Amy Solomon is the Senior Advisor to the Assistant Attorney General at the Office of Justice Programs at the Department of Justice. Prior to that, she was a Senior Research Associate at the Urban Institute’s Justice Policy Center.
When you started your research, did you expect to get the findings that you did?
Not at all. With co-authors Avi Bhati and Vera Kachnowski, I looked at who was coming out of prison with or without supervision in various states and what was happening to them. I thought we would find that high-risk offenders would be more likely to serve out their entire sentence and get released without supervision. And I thought this group would be re-arrested more often than those released to parole. In other words, I thought we’d find that the people who most needed supervision would be least likely to get it – and as a result they would re-offend more. I expected the punch line to be that states need to ensure there’s a period of post-release supervision for the high-risk group.
What did you find instead?
It turns out that the demographic profile and criminal risk factors of unsupervised offenders turned out to be very similar to that of mandatory parolees, who were released by state mandate rather than by parole boards, who have the discretion to let people out early. The fact that mandatory parolees and unsupervised offenders are so similar makes for a great natural experiment. What difference does parole supervision make? Our findings showed that there was virtually no difference in re-arrest between these two groups. On the other hand, the parolees released by the parole board did slightly better than the other two groups, but a lot of that may have been because they were a more motivated group for successful reentry – which is what made them attractive to the parole board in the first place.
How did the writing process go? Were you concerned about how to handle these findings?
Our first draft looked very different than the final version. We initially focused on the fact that parolees released by the decision of the parole board did slightly better than mandatory parolees and unsupervised offenders. We submitted a 20 page draft to reviewers, and ended up with 11 pages of single space comments from one reviewer suggesting that we were framing our results the wrong way. What was interesting to our reviewers was that parole supervision didn’t seem to make much difference in our study. We ended up rewriting the report – not the findings, but the interpretation.
How was the report received?
It was a bitter pill. I was warned by a few people that there was going to be a reaction, but I wasn’t ready for how strong – and personal -- it would be. Many people in the parole field were upset and offended.
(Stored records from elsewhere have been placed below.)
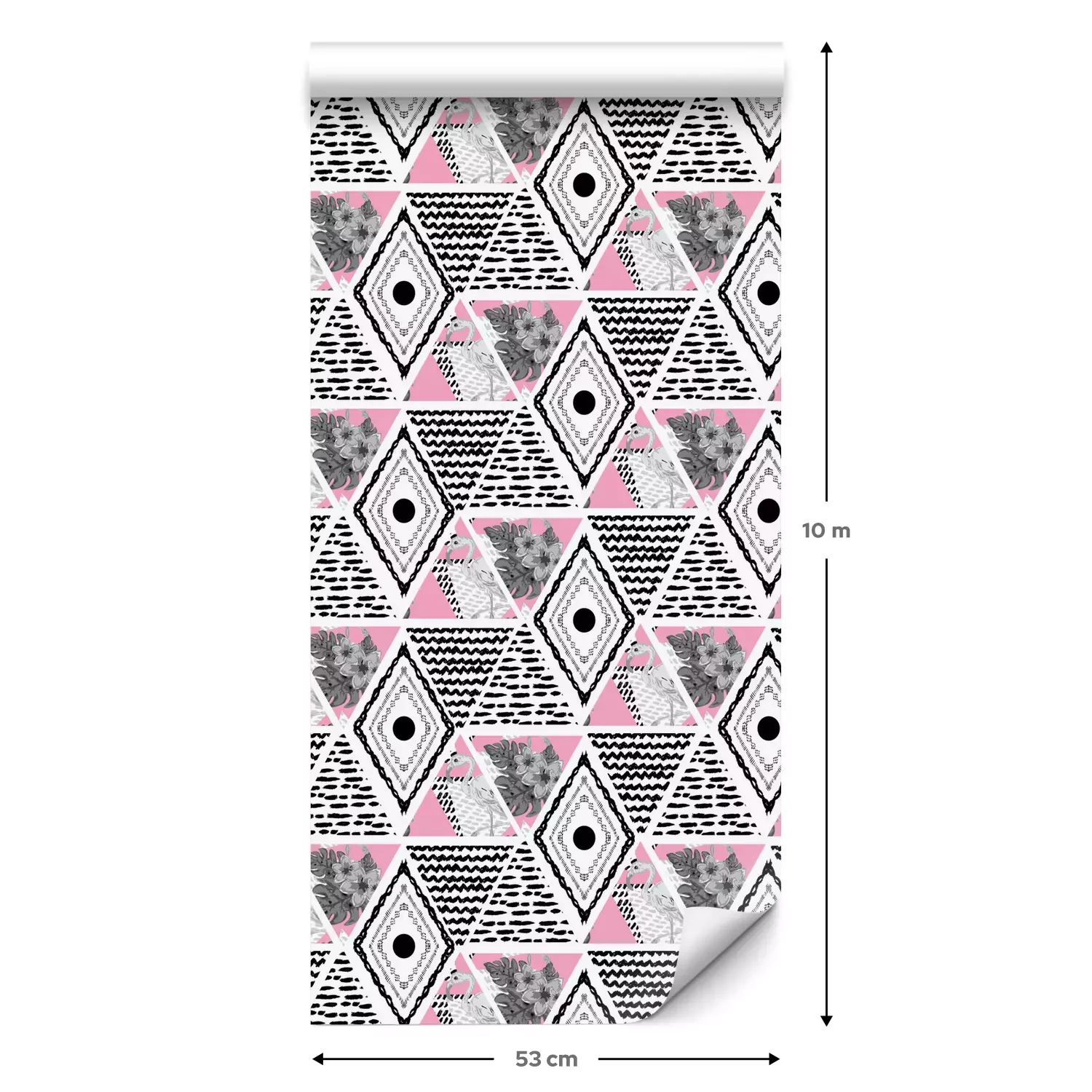 Een standaardrol behang heeft een afmeting van 0,53 m x 10 m, wat voldoende is om ongeveer 5 m² muur te bedekken.
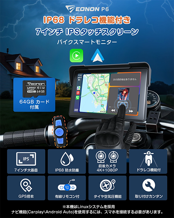 - EononのP6は、7インチの大型IPSタッチスクリーンを搭載したバイク用スマートモニターです。
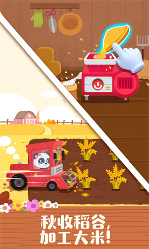 “春种秋收”,秋天就是收获的季节!驾驶农耕机收割稻谷,把稻谷晒干后放入机器加工,最后变成一粒粒洁白的大米。赶紧来帮忙吧,看着劳动成果满满的感觉真是特别棒!
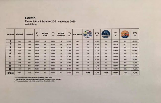 In attesa della convalida degli eletti, alla lista del sindaco vengono assegnati 11 seggi in Consiglio comunale, 3 andranno alla lista di Albanesi e 2 a quella di Castagnani che siederanno entrambi di diritto nell’assemblea cittadina lauretana.
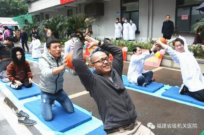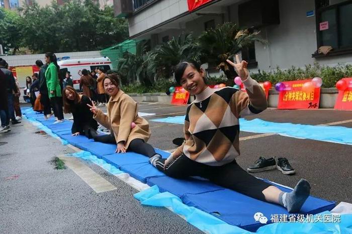 平时严谨的医务人员此刻化身矫健的运动员,展现柔软度,大秀一字马。
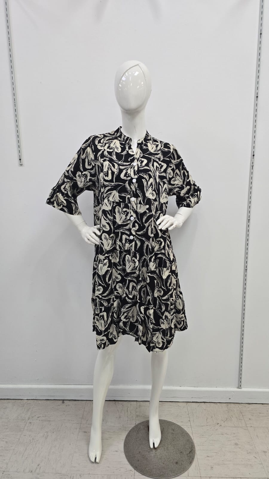 Traje negro de flores crema

I got yelled at in meetings and even got some hate mail. Some of the criticisms were legitimate. For example, we were characterizing parole in a general way but we all know there are 50 very different state systems in place – some might be operating effectively, others not. We were reporting on the net findings from 15 large states that made up about two-thirds of all prison releases in 1994. We said all this in a discussion section, but the critics are absolutely right that people care more about the headlines than what is in the discussion section.
Did people also react to the title of the report?
Yes. We called it “Does Parole Work?” There were some people who didn’t like the title because it reminded them of a famous article written 30 years ago by a social scientist named Robert Martinson that was widely – and incorrectly – characterized as saying that “nothing works” in corrections programming. To me, the title seemed like the right question to ask, but in retrospect I understand how it hit a sore spot. In reality, our conclusion was not that parole can’t work, but that parole as it exists now in many states is not very effective at reducing crime among the parole caseload. But it’s easy for that message to get lost.
What’s the counter-argument to this critique?
We could have easily buried the findings by giving the report a more academic title, which would have been a shame. We all have evaluations and research with rich findings that fly completely under the radar. I’ve done a lot of things, but this is what got attention. The report got about 20,000 hits on our website in the first month, which is a lot. I think the title made a big difference in terms of getting public attention to an important topic. What it did was pose a clear cut question and answer, which appeals to people.
What’s the aftermath of the report been?
I tried to not talk about parole for awhile! But before long, I was able to start speaking to people in the field to find out, where do we go from here? I think one positive is that many parole leaders are now saying, more than they would have a few years ago, that supervision in many states doesn’t look anything like what we would consider “best practice.” We have to make the practice look more like the ideal.
Three years later, are you optimistic about parole’s ability to impact public safety positively?
Absolutely. I think we still have a long way to go, but I’m optimistic. There is an emerging consensus about what good supervision looks like. We have worked with a number of partners in the field to identify strategies that will enhance parole practice – and I’m optimistic that if these new strategies are implemented, we will see more successful outcomes. We will publish this paper in collaboration with other organizations in the fall. We are also about to survey more than 1,600 parole field offices to find out the extent to which they are using evidence-based practices and innovative strategies in their work in order to better understand what drives innovation in the parole arena. We plan to hold a reentry roundtable with national experts and practitioners to discuss the findings and then create some kind of national policy academy to test these ideas out in the field.